**Prompt**
Before you reproduce the entries that follow, strip out any image they contain and keep the rest exact.
** Opening Information shown block **
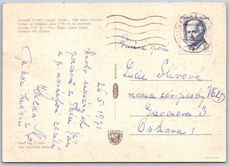 Vysoké Tatry, panoráma Vysoké od Štrbského plesa Pokud chcete vidět pohlednice ve vyšším rozlišení nebo zobrazovat jejich zadní stranu, tak se prosím nejdříve přihlašte Přihlásit Zaregistrovat Vysoké Tatry VYSOKÉ TATRY - HOHE TATRA - THE HIGH TATRASPohľad od Štrbského plesa (1346 m) na panorámu Vysokej (2560 m) Vľavo Kôpky, vpravo Ganek, Rumanov štít, Zlobivá Jazyk tištěného textu na pohlednici: slovenština Štrbské pleso, Vodní plocha, Štrba, Slovensko ukázat na mapě V blízkém okolí místa zobrazeného na pohlednici lze najít 133 jiných pohlednic. Zobrazit blízké pohlednice Vydavatel: PressFoto Bratislava (Československo) Odhadované datum vydání pohlednice: 1968 - 1971 Pomozte nám zpřesnit rok vzniku pohlednice Velikost (š x v) a tvar pohlednice: 148 x 105 mm (5.83" x 4.13"), obdélník Osoby spjaté s touto pohlednicí: Ing. J. Jurčo(Autor fotografie) Prošlá poštou:Datum na razítku: 26.5.1971Datum napsání pohledu: 26.5.1971 Ceny: Příplatek na tur. ruch: 0,20 Kčs (CSK))Vyplacené známky: 0,30 Kčs (CSK) DiskuseVložit příspěvek Přidat novou složku ... Spravovat složky ...
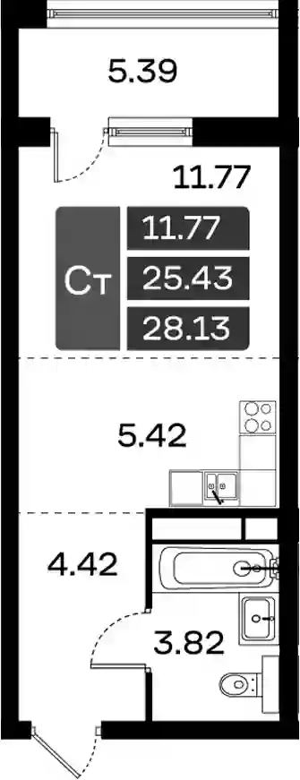 4 769 016 ₽Студия, 26.39 м², 3 эт.
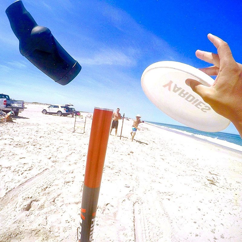 Challenge your guests with a fun, fast-paced outdoor game that blends skill, coordination, and friendly competition. Polish Horseshoes, also known as Spanish Horseshoes, Frisbeener, French Darts, or Beersbee, is a crowd-favorite lawn game played by two teams of two, using a Frisbee, poles, and bottles.
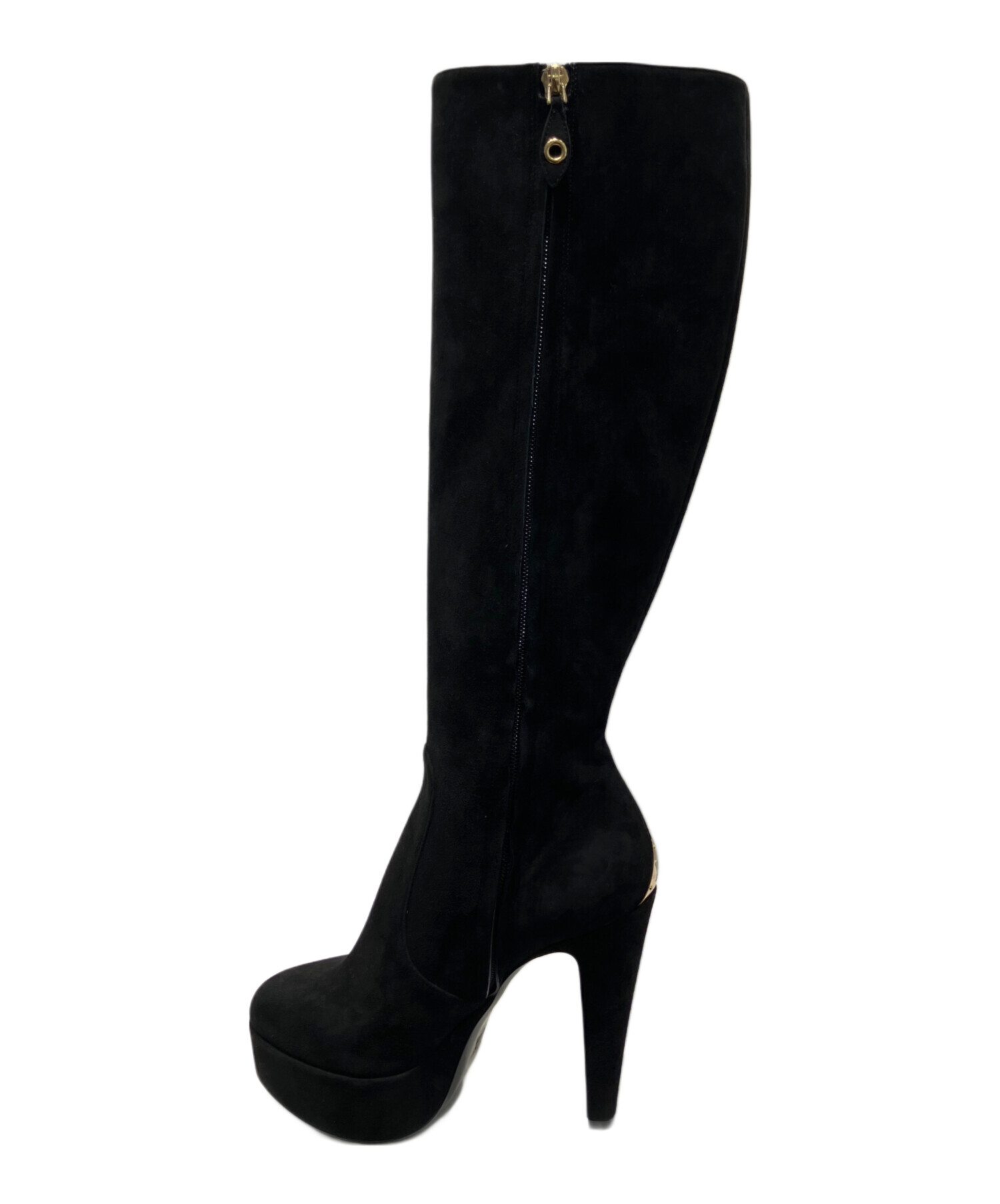 | スタッフコメント | 上質なスエード素材を使用したブラックカラーのロングブーツですございます。滑らかな質感とエレガントなシルエットが足元を美しく演出し、上品な印象を与えます。シンプルながら洗練されたデザインで、スカートやワンピース、デニムとの相性も抜群です。日常から特別なシーンまで幅広く活躍する一足です。 |
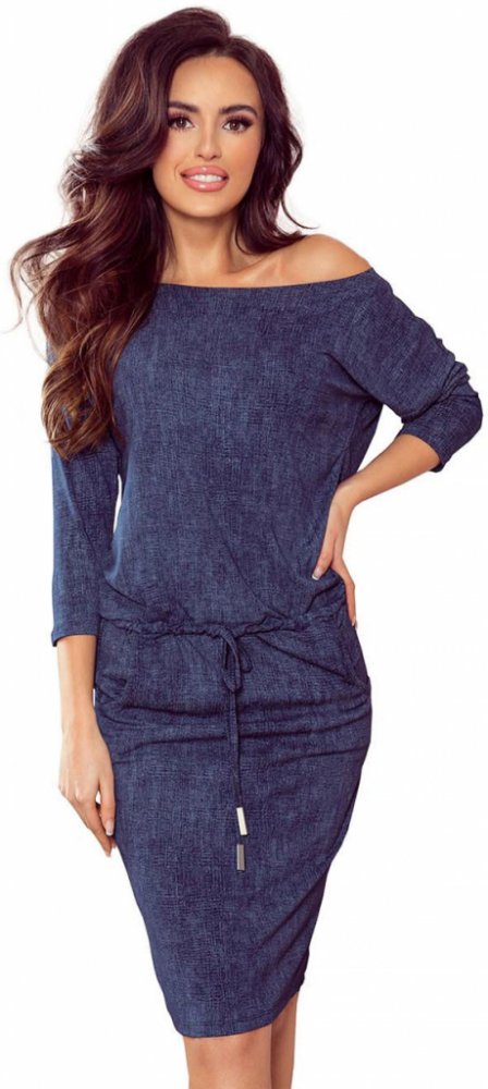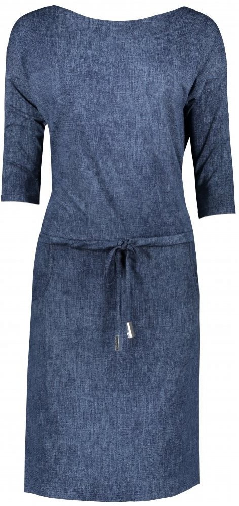 Sportovní šaty s kapsami, zavazováním v pase a 3/4 rukávem. Vyrobeno z elastické polské viskózy v barvě tmavé džínoviny. Při výběru velikosti zvažte obvod boků. Značka Numoco. Polský výrobek.Sportovní šaty - tmavě modré džíny
** Closing Information shown block **
**Output of the exercise**
 Vysoké Tatry, panoráma Vysoké od Štrbského plesa Pokud chcete vidět pohlednice ve vyšším rozlišení nebo zobrazovat jejich zadní stranu, tak se prosím nejdříve přihlašte Přihlásit Zaregistrovat Vysoké Tatry VYSOKÉ TATRY - HOHE TATRA - THE HIGH TATRASPohľad od Štrbského plesa (1346 m) na panorámu Vysokej (2560 m) Vľavo Kôpky, vpravo Ganek, Rumanov štít, Zlobivá Jazyk tištěného textu na pohlednici: slovenština Štrbské pleso, Vodní plocha, Štrba, Slovensko ukázat na mapě V blízkém okolí místa zobrazeného na pohlednici lze najít 133 jiných pohlednic. Zobrazit blízké pohlednice Vydavatel: PressFoto Bratislava (Československo) Odhadované datum vydání pohlednice: 1968 - 1971 Pomozte nám zpřesnit rok vzniku pohlednice Velikost (š x v) a tvar pohlednice: 148 x 105 mm (5.83" x 4.13"), obdélník Osoby spjaté s touto pohlednicí: Ing. J. Jurčo(Autor fotografie) Prošlá poštou:Datum na razítku: 26.5.1971Datum napsání pohledu: 26.5.1971 Ceny: Příplatek na tur. ruch: 0,20 Kčs (CSK))Vyplacené známky: 0,30 Kčs (CSK) DiskuseVložit příspěvek Přidat novou složku ... Spravovat složky ...
 4 769 016 ₽Студия, 26.39 м², 3 эт.
 Challenge your guests with a fun, fast-paced outdoor game that blends skill, coordination, and friendly competition. Polish Horseshoes, also known as Spanish Horseshoes, Frisbeener, French Darts, or Beersbee, is a crowd-favorite lawn game played by two teams of two, using a Frisbee, poles, and bottles.
 | スタッフコメント | 上質なスエード素材を使用したブラックカラーのロングブーツですございます。滑らかな質感とエレガントなシルエットが足元を美しく演出し、上品な印象を与えます。シンプルながら洗練されたデザインで、スカートやワンピース、デニムとの相性も抜群です。日常から特別なシーンまで幅広く活躍する一足です。 |
 Sportovní šaty s kapsami, zavazováním v pase a 3/4 rukávem. Vyrobeno z elastické polské viskózy v barvě tmavé džínoviny. Při výběru velikosti zvažte obvod boků. Značka Numoco. Polský výrobek.Sportovní šaty - tmavě modré džíny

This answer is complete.